--- Brief ---
Go through the listing below and repeat it exactly, dropping the pictures.

___

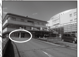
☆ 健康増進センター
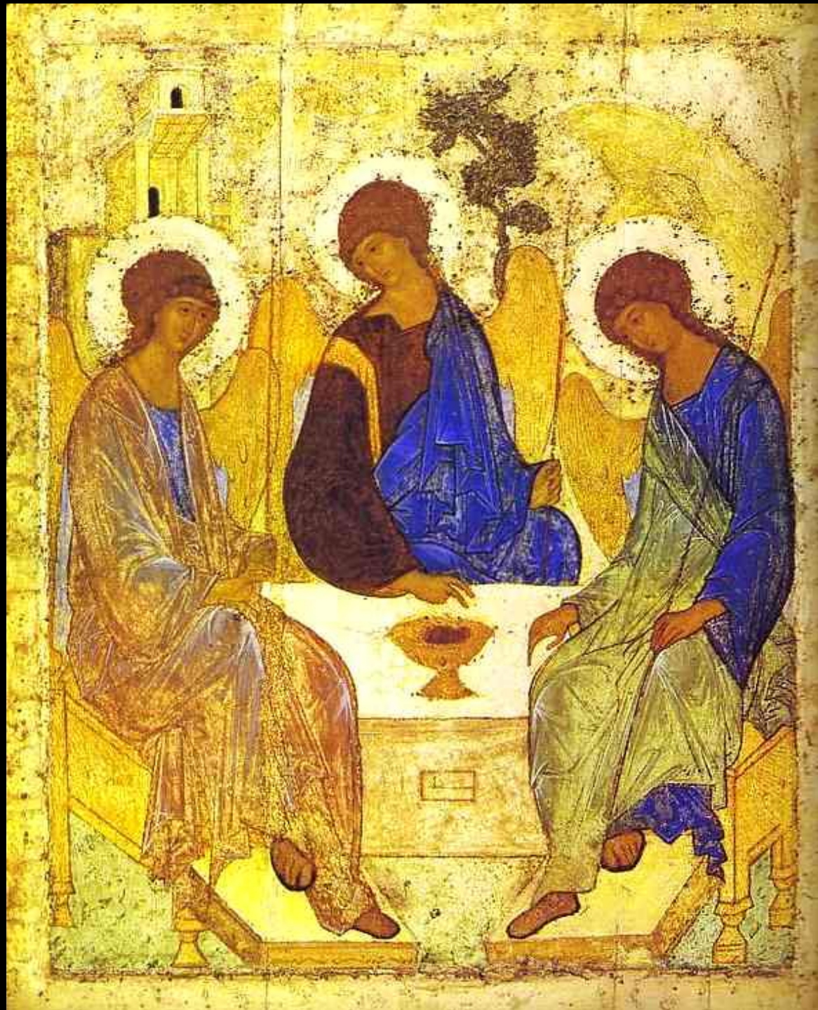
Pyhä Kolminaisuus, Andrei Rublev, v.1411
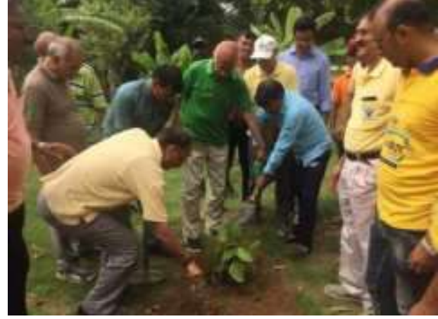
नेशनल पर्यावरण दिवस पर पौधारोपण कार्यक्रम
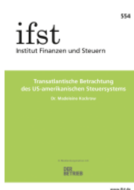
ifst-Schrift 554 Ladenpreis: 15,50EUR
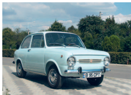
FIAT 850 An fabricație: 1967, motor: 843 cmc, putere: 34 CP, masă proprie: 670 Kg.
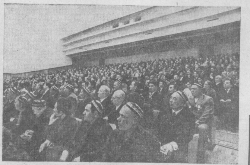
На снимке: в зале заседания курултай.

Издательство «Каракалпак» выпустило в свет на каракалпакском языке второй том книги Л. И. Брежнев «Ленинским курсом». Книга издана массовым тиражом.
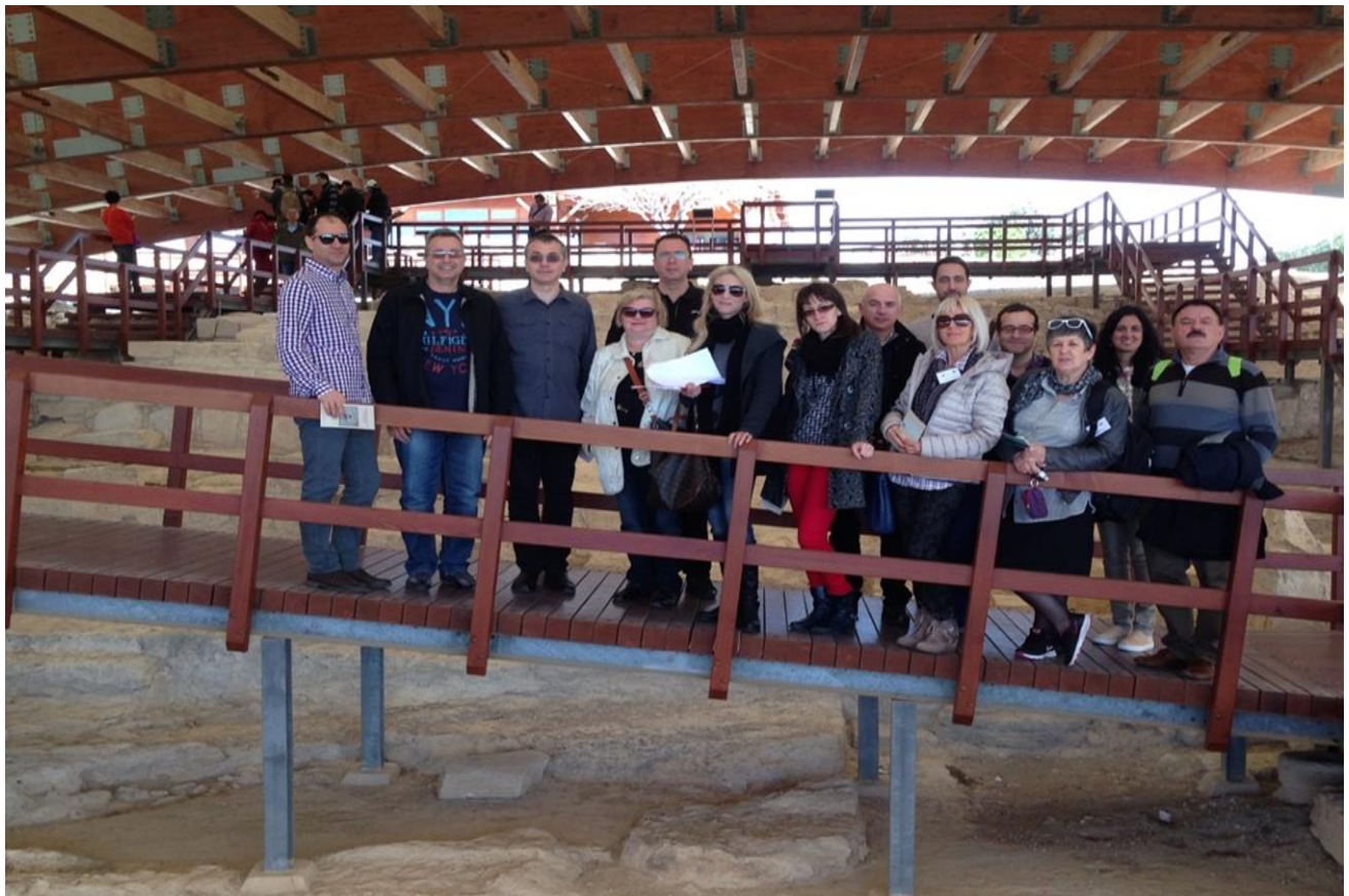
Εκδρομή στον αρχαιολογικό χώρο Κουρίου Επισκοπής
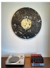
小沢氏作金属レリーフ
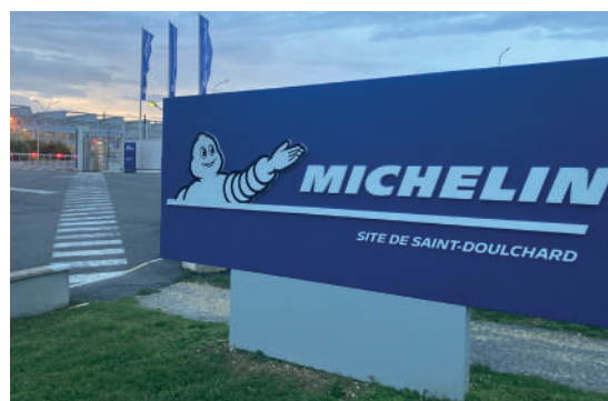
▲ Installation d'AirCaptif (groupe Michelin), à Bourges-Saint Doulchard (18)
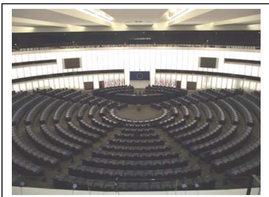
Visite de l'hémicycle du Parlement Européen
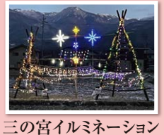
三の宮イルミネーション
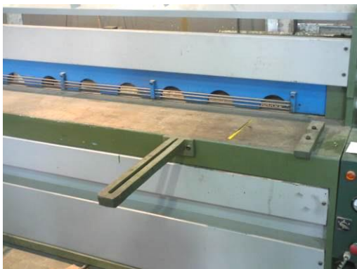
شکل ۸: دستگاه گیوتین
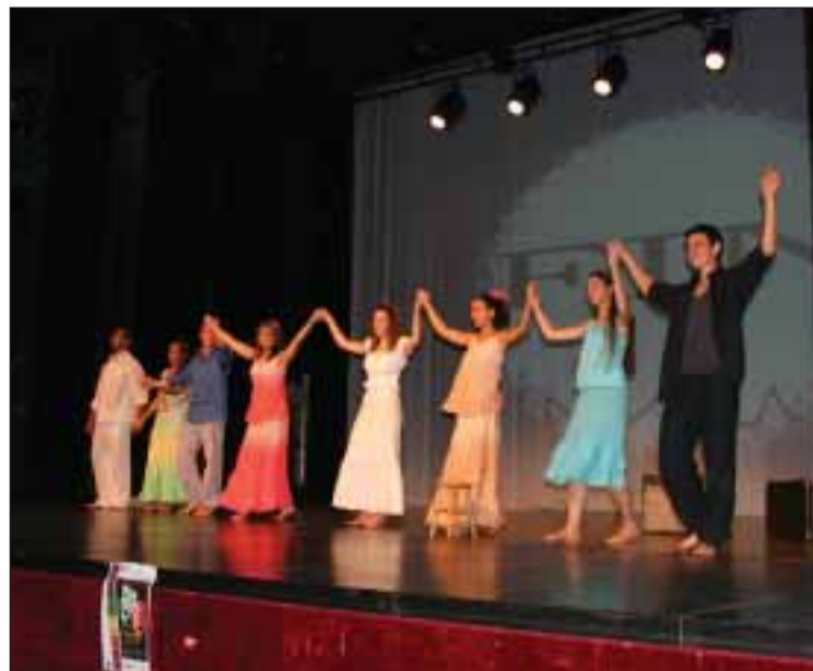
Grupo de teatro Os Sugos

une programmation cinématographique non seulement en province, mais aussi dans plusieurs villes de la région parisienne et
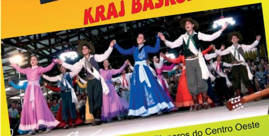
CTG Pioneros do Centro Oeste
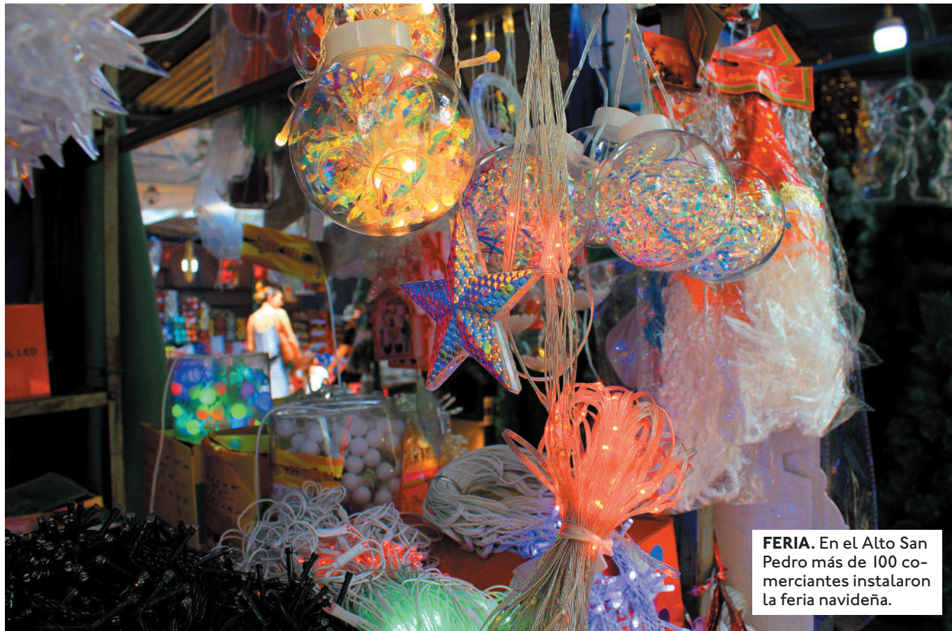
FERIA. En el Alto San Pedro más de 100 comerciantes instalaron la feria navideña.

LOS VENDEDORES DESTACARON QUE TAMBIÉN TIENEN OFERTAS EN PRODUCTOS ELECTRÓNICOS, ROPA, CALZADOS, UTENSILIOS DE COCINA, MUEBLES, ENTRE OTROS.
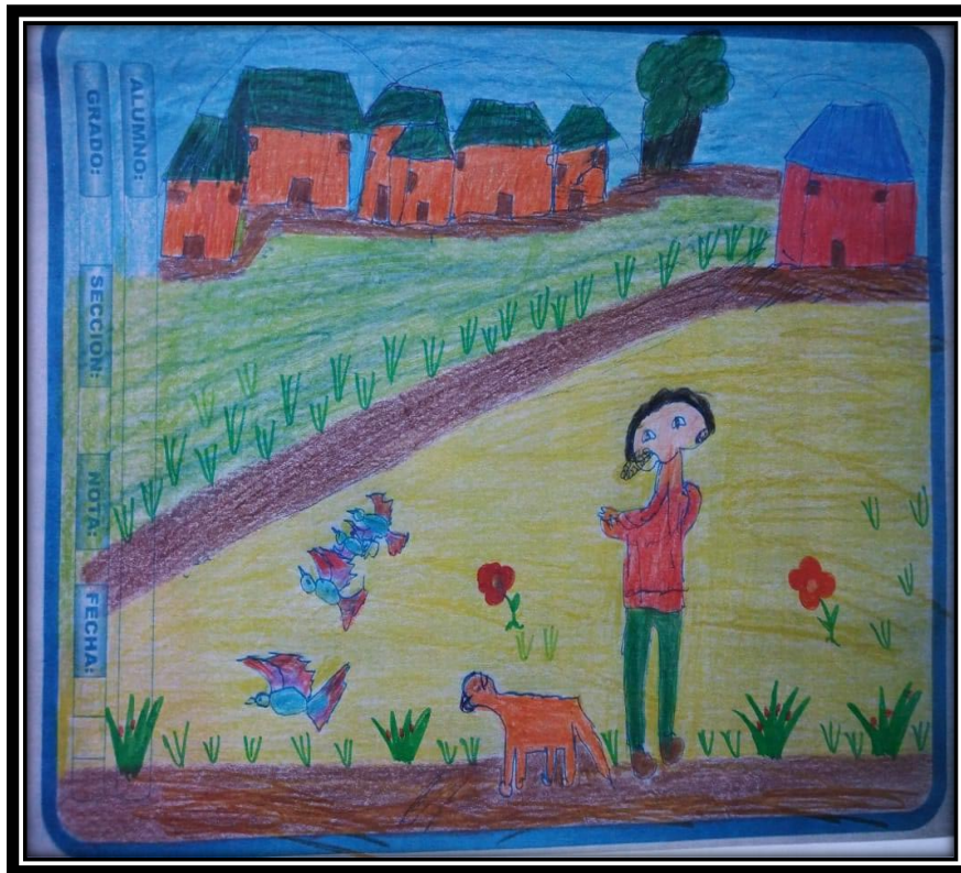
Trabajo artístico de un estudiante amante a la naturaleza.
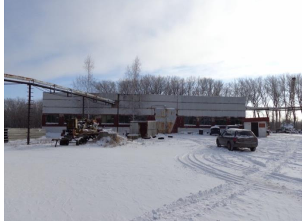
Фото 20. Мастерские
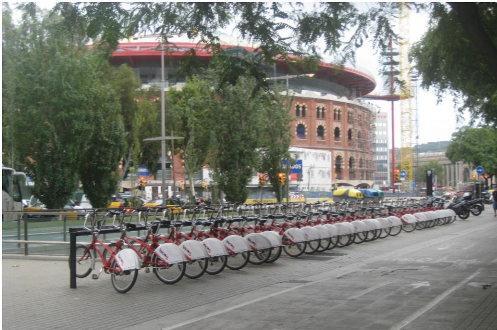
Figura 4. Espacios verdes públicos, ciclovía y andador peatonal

___

--- Solution for this exercise ---
☆ 健康増進センター
Pyhä Kolminaisuus, Andrei Rublev, v.1411
नेशनल पर्यावरण दिवस पर पौधारोपण कार्यक्रम
ifst-Schrift 554 Ladenpreis: 15,50EUR
FIAT 850 An fabricație: 1967, motor: 843 cmc, putere: 34 CP, masă proprie: 670 Kg.
На снимке: в зале заседания курултай.

Издательство «Каракалпак» выпустило в свет на каракалпакском языке второй том книги Л. И. Брежнев «Ленинским курсом». Книга издана массовым тиражом.
Εκδρομή στον αρχαιολογικό χώρο Κουρίου Επισκοπής
小沢氏作金属レリーフ
▲ Installation d'AirCaptif (groupe Michelin), à Bourges-Saint Doulchard (18)
Visite de l'hémicycle du Parlement Européen
三の宮イルミネーション
شکل ۸: دستگاه گیوتین
Grupo de teatro Os Sugos

une programmation cinématographique non seulement en province, mais aussi dans plusieurs villes de la région parisienne et
CTG Pioneros do Centro Oeste
FERIA. En el Alto San Pedro más de 100 comerciantes instalaron la feria navideña.

LOS VENDEDORES DESTACARON QUE TAMBIÉN TIENEN OFERTAS EN PRODUCTOS ELECTRÓNICOS, ROPA, CALZADOS, UTENSILIOS DE COCINA, MUEBLES, ENTRE OTROS.
Trabajo artístico de un estudiante amante a la naturaleza.
Фото 20. Мастерские
Figura 4. Espacios verdes públicos, ciclovía y andador peatonal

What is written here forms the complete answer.